My weigh-in is about a week late, thanks to being in Michigan when June turned to July. Better late than never! Let’s go to the chart, shall we?
Woohoo! I lost three of the four pounds I gained in May! A weight of 247 pounds means I’m currently at 155 pounds of weight loss, which I’ve kept off for over 4 years.
Looking back over my chart, I’m only two pounds heavier than I was exactly one year ago. And I’ve stayed within an eight-pound range the entire year. That’s equally impressive.
Not as impressive as my entire weight loss chart, though… I’ll never tire of looking at this, and that’s a good thing, because it’s hanging on the wall in my closet!
On to my monthly Workout Progress Report. I mark all my workouts on my calendar with a dot, accompanied with some scribbled notes about what I did. Here’s my calendar for June:
The month started with a few extra no-workout days, thanks to an injury that I thought was a broken toe, but probably wasn’t. I was out of town for over half the month, visiting Sweden, Colorado, and Michigan, but I make exercise a priority when I travel, so that didn’t prove to be disastrous. All the travel meant I could only take one of Anne’s classes at Slimmons, but all in all, I exercised 23 out of 30 days in June. That’s a 76% success rate. My goal is 85%, but an injury is an injury, so I can’t be mad about that.

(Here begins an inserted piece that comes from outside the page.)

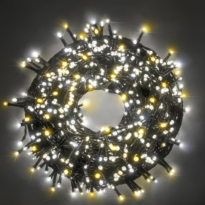 Una serie di 1200 luci LED minilucciole bianco freddo e caldo, perfette per le decorazioni natalizie, ma anche per feste, cerimonie ed eventi in ogni stagione. Un prodotto di qualità certificata, progettato per garantire un’illuminazione suggestiva, sicura e a basso consumo.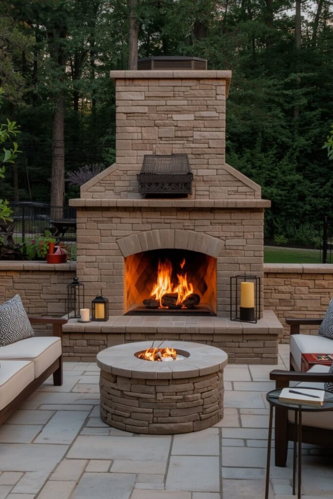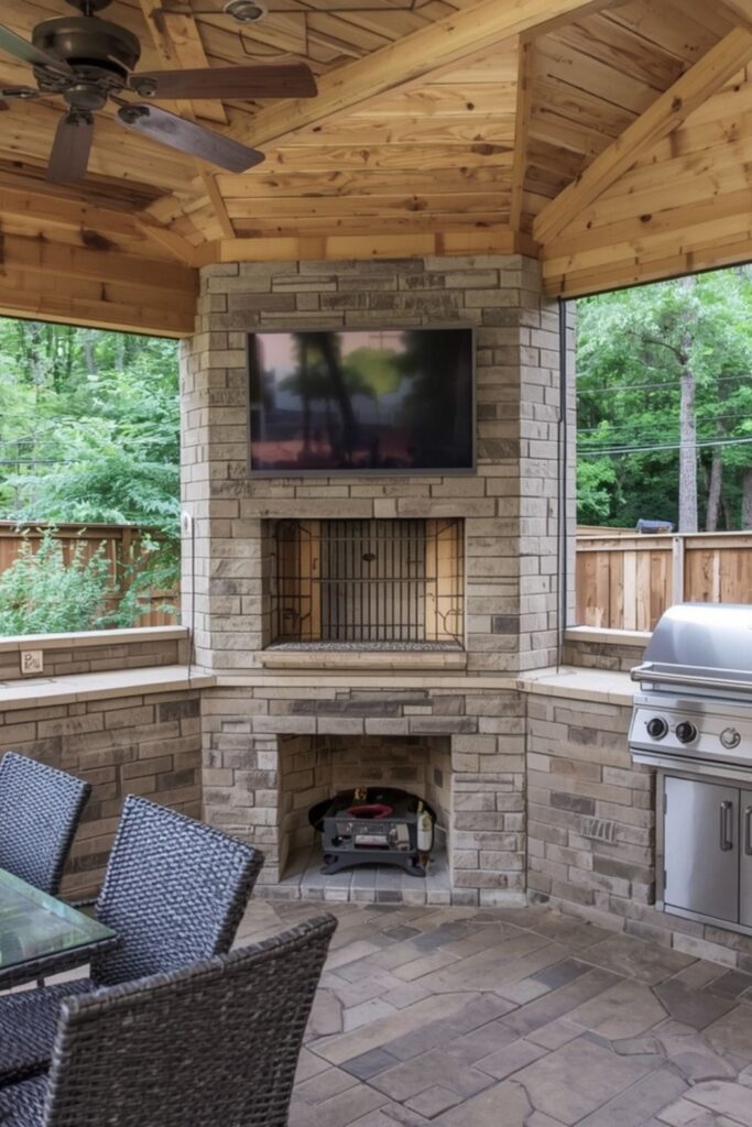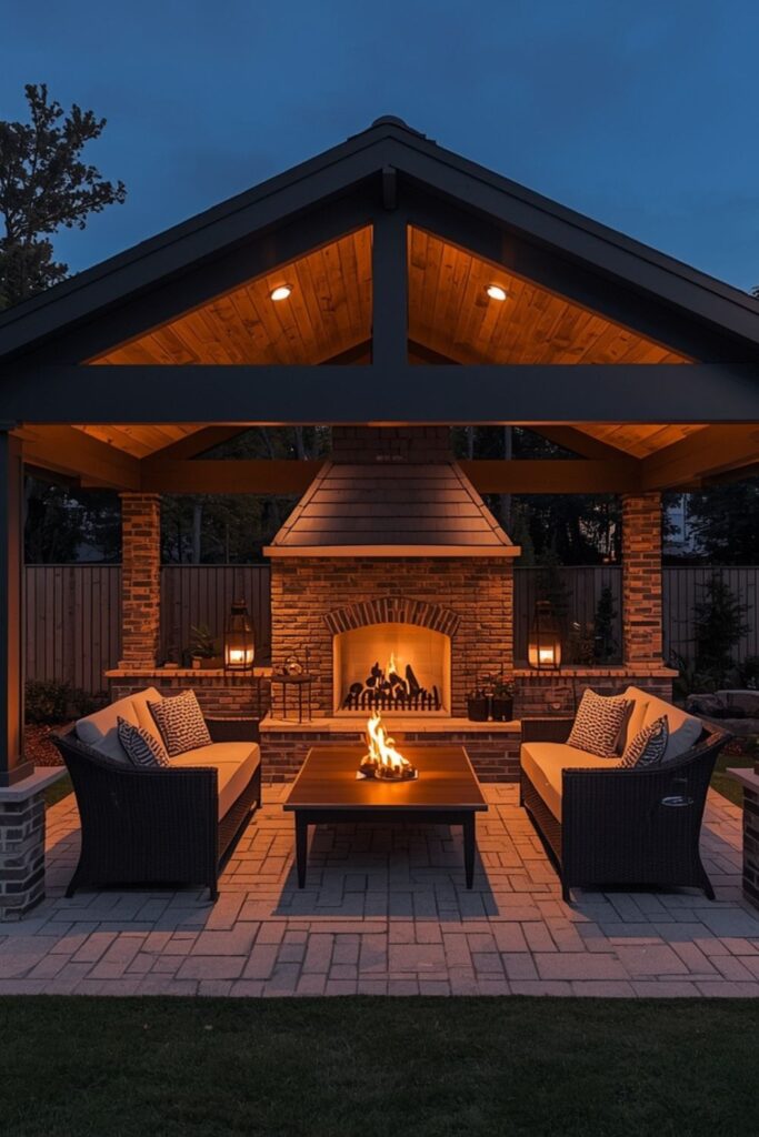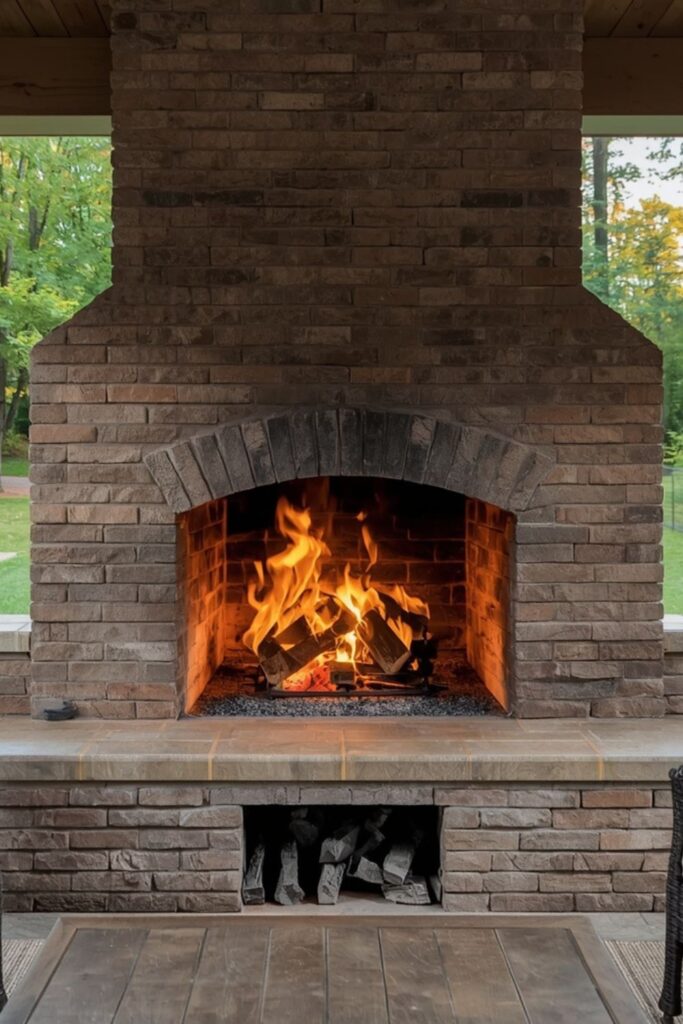 Many homeowners prefer Covered outdoor fireplace ideas because they extend outdoor living year-round. A covered setup creates a more intimate and structured atmosphere. With proper ventilation and lighting, it becomes a perfect evening retreat.

The other thing I track are my cardio miles. I note the distances I complete while doing any kind of cardio, whether it’s running, biking, elliptical, etc., and make a little chart off to the side on my calendar. Here are my June miles:
I started the month with 1,583.3 miles under my belt, and finished it with 1,654.5 miles – that means in June I added 71.2 miles! That’s a new high for 2015!
The other thing that suffered in June, mainly due to the heavy amount of out-of-town travel, was weightlifting. I only got in seven weightlifting workouts during the month, which is low. But now that I’m back, with no travel plans for the rest of the summer, I can begin to work on that. And I’ll have help: I’ll be doing a 30-day program that’s designed to boost strength training, and the best part is that in only takes 5 minutes a day. I’ll tell you more about it in my next post!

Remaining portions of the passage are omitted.